How to harness the youth bulge? For INJAZ, the sum is greater than the parts.
Roughly 65% of the Middle East's population is under the age of 30. This youth bulge is both a threat and an opportunity. INJAZ tackles it by recognizing the importance of setting up programs that create three stepping stones in an emerging youth pathway: Build the skills, Inspire and guide the careers, and Foster entrepreneurship and employment programs. The success of each requires forging cross-sector collaboration between the public, private and non-profit sectors.
Say "Middle East" and "youth" and myriad visions likely come to mind. From the hope expressed by throngs of youth in Egypt's Tahrir Square to more menacing images of youth entering into and even leading armed conflict across the region.
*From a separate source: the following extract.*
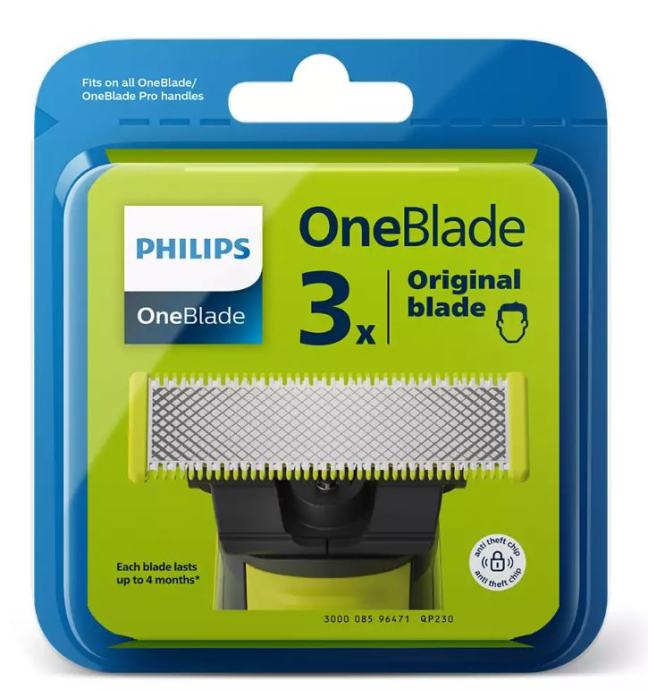 Opis: Originalne zamjenske oštrice za brijače aparate Philips OneBlade. Pakiranje sadrži 3 kom oštrica.

When roughly 65% of the Middle East's population is under the age of 30 and a country does not offer pathways for helping these youths seize the economic opportunities to be productive members of society or political participants in their future then it is only natural for disillusionment to arise and for frustration to be channeled into other outlets. And historically this "
youth bulge" is not unique even to the Middle East.
The larger issue then seems to be one of pathways per se and not necessarily silver-bullet interventions. Perhaps that is the lesson we can learn from Injaz.
Established in 1999 and formalized as an independent Jordanian non-profit in 2001, it seeks to build the pathways for youth to become productive members of society and contributors to national economies, having reached over 700,000 young and aspiring citizens. The strategy? Partner with public, private, and non-profits to build three stepping stones: Skills building, inspirational and career guidance, and an entrepreneurship and employment program. Without one of these pillars the pathway is blocked.
All three are needed, otherwise disillusionment and frustration will appear: A youth with skills that isn't inspired or hasn't the knowledge to pursue a career strategy; a youth with inspiration but without the skills; a youth with an employment opportunity but without the skills to be successful nor the inspiration to take advantage of the chance to work.